Cada região é diferente. “O resultado que obtivemos aqui (na Itália) não significa que obteremos os mesmos resultados em outros lugares”, disse ela. No projeto PALEOCHAR, Carolina Mallol, geoarqueóloga da Universidade de La Laguna na Espanha e atualmente professora visitante na UC Davis nos Estados Unidos, está vasculhando as cinzas do tempo, procurando vestígios da vida neandertal e pistas de seu desaparecimento.
sedimento de fogo
O objetivo é estudar a matéria carbonizada microscópica e molecular de antigos sedimentos de fogo para ver qual material orgânico eles deixaram para trás. “A desvantagem do arqueólogo é que o mundo humano é orgânico, e não podemos alcançá-lo”, explica Mallol, que estuda habitats neandertais como El Salt e Abric del Pastor na Espanha.
Quando matéria orgânica, como carne ou plantas, é jogada no fogo, o calor a desidrata, destruindo seu DNA e proteínas. Mas as moléculas de gordura, chamadas lipídios, podem sobreviver se o fogo as aquecer abaixo de 350°C, como Mallol e seus colegas mostraram em suas investigações.
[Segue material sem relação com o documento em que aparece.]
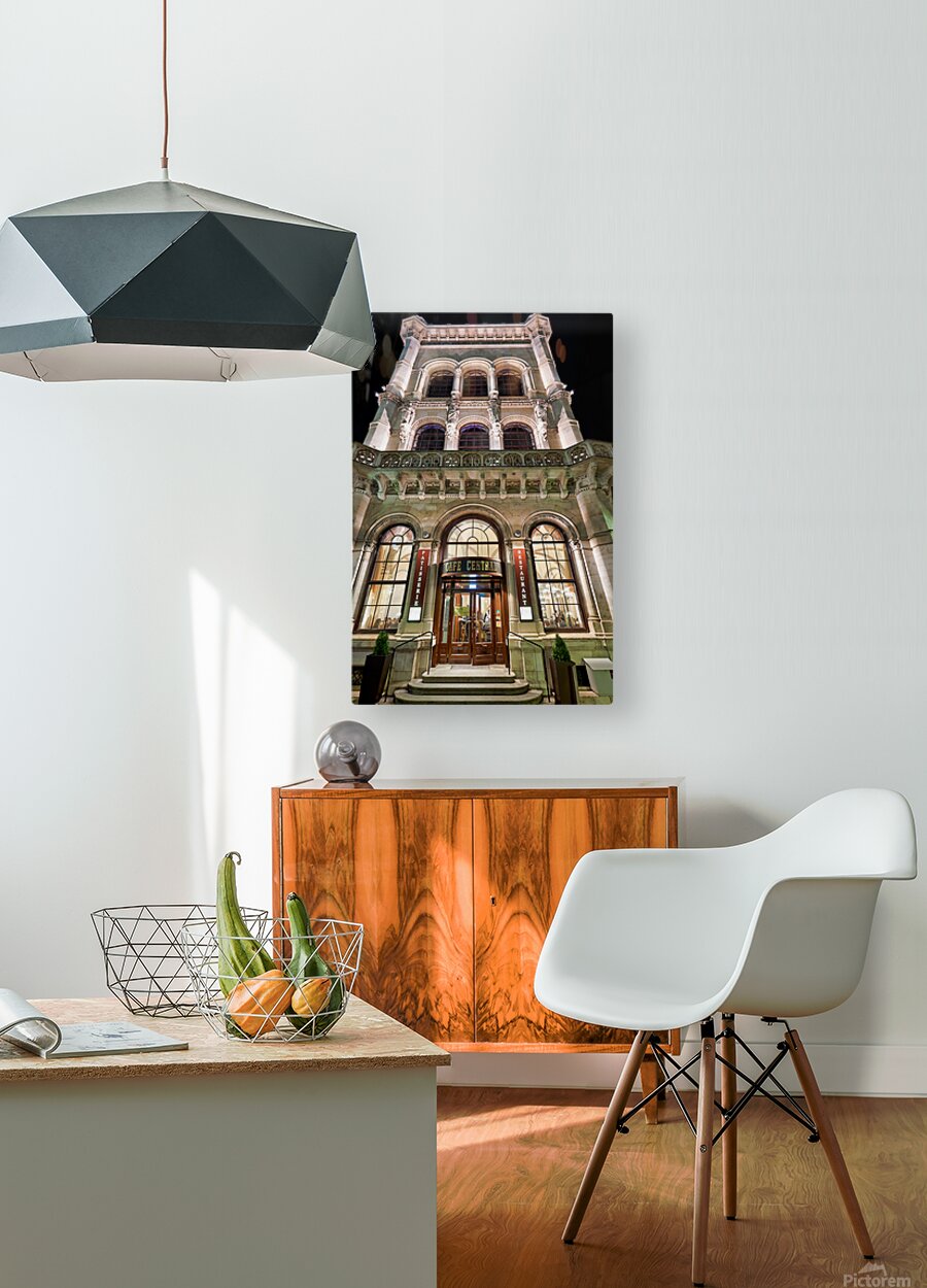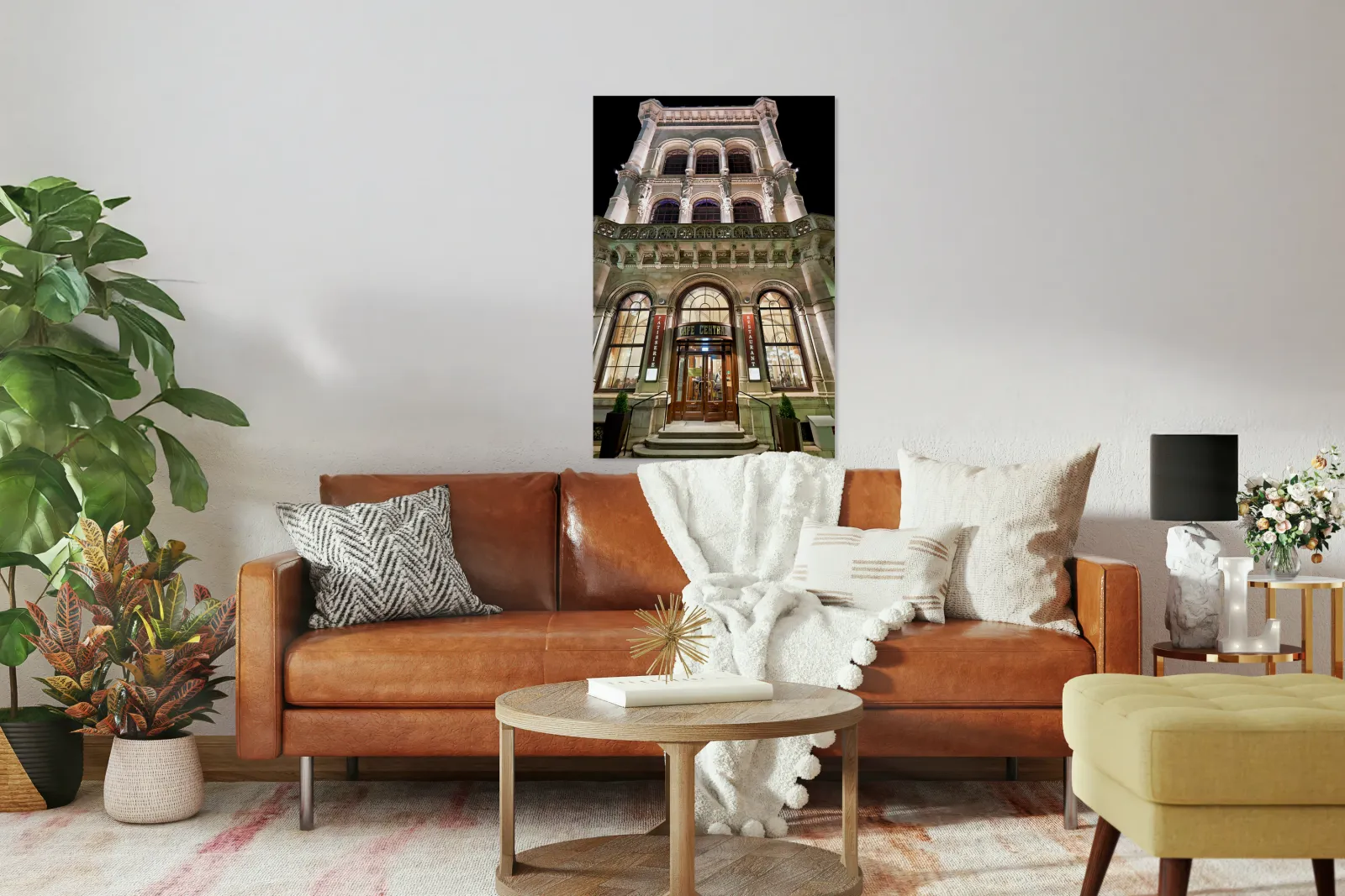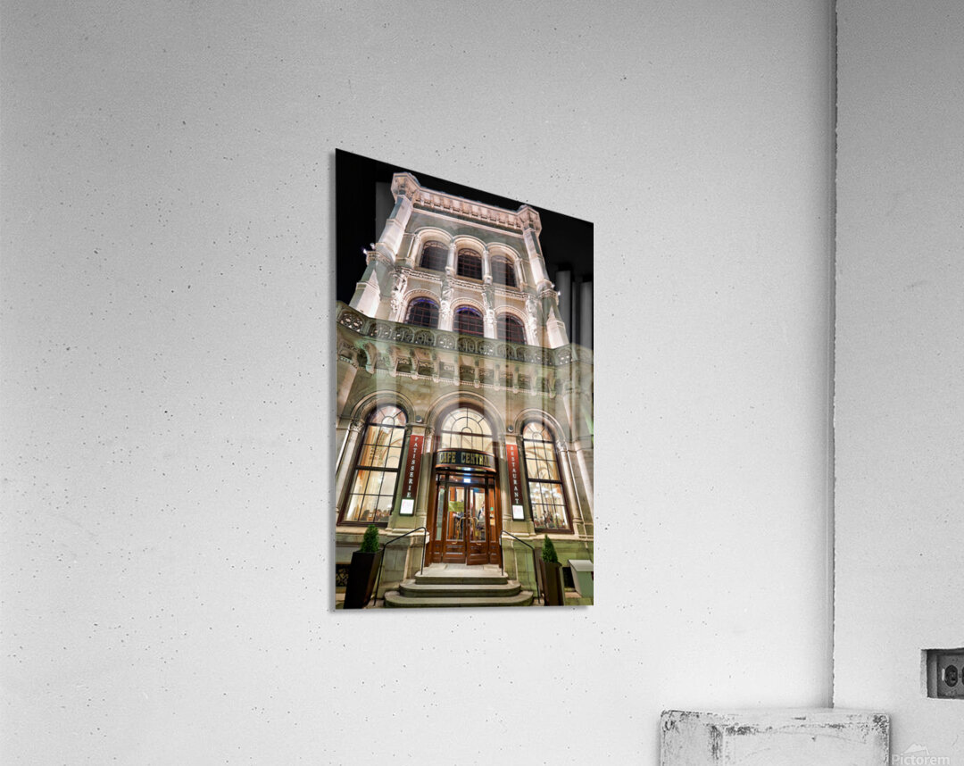 "Grand Cafe Central building illuminated at night." in a framed print.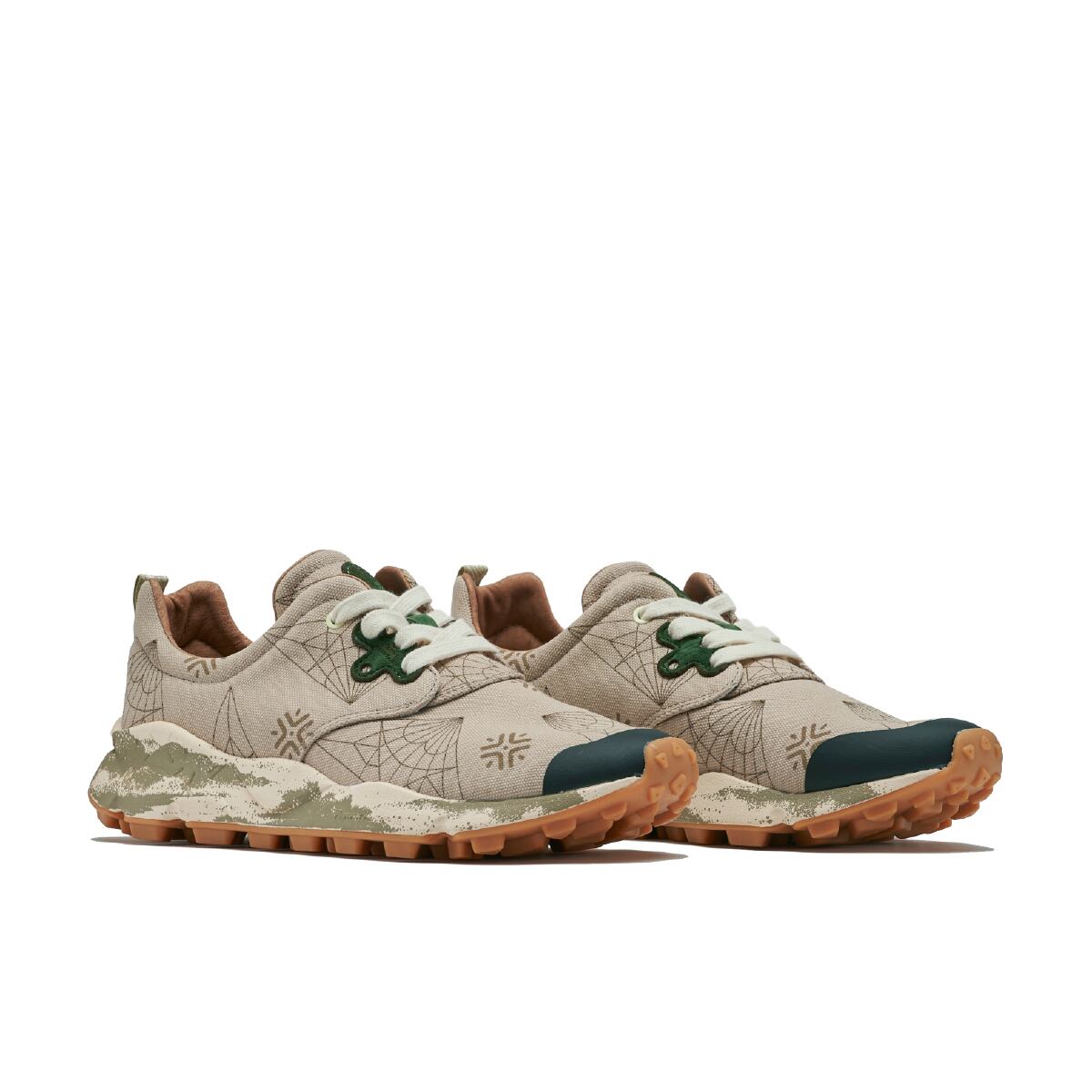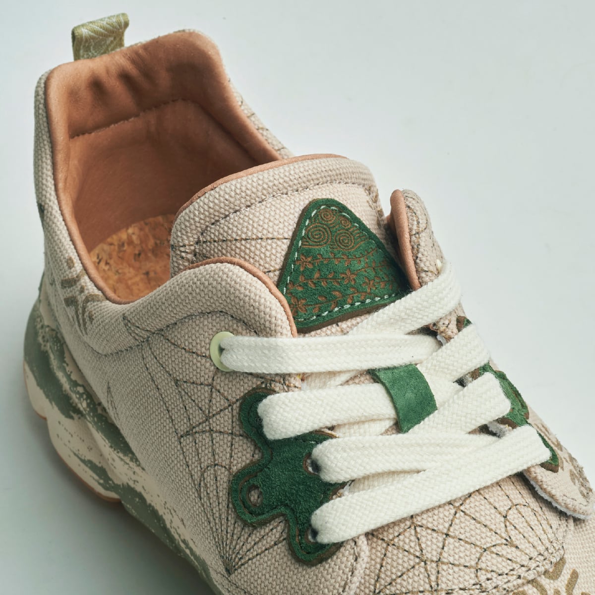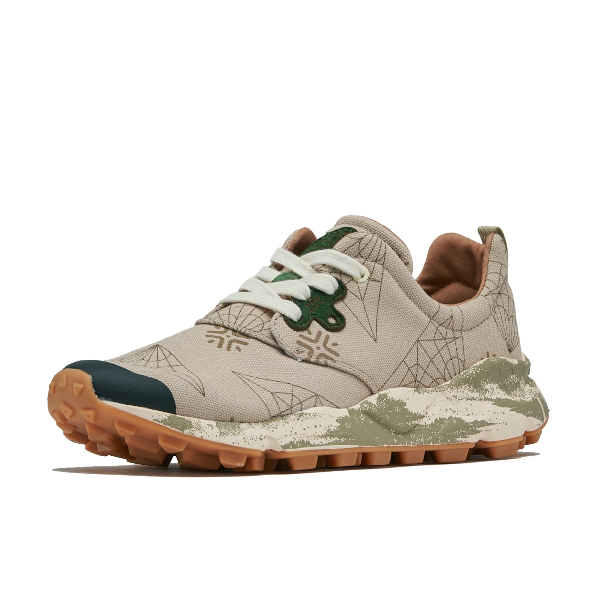 織鶴を広げた展開図をモチーフにした10周年記念のマーク。アッパーにはその印象的なパターンが大胆にプリントされている。

“O PALEOCHAR foi projetado para explorar até onde podemos levar as técnicas analíticas para extrair informações moleculares das camadas pretas orgânicas (em chamas)”. A paleolipidômica (o estudo das gorduras antigas) tem sido usada para estudar lipídios em ânforas romanas, múmias egípcias e até mesmo em folhas pré-históricas.
Biblioteca de biomarcadores
Quando se trata de sedimentos humanos antigos, “somos os primeiros a aplicar (essas técnicas) sistematicamente”, explica. “Com biomarcadores, você pode distinguir herbívoros de carnívoros, coníferas de angiospermas”, disse ela. Mallol e colegas criaram o primeiro AMBILAB do mundo, que representa o Laboratório de Pesquisa em Micromorfologia Arqueológica e Biomarcadores, com sede em Tenerife, Espanha, que treina pesquisadores em técnicas de micromorfologia do solo e análise de biomarcadores lipídicos.
Perguntas sobre os neandertais, como por que eles foram extintos, são muito ambiciosas, disse Mallol. “Essas perguntas exigem, em primeiro lugar, muitas informações para determinar quem eles eram e como viviam – e ainda não temos essa informação”, disse ela.
A cada nova informação, arqueólogos e cientistas se aprofundam no mistério por trás do súbito desaparecimento de nossos parentes mais próximos enquanto o Homo sapiens conseguia sobreviver.
A pesquisa neste artigo foi financiada pelo Conselho Europeu de Pesquisa da UE e foi originalmente publicada em Horizonteo Jornal de Pesquisa e Inovação da UE.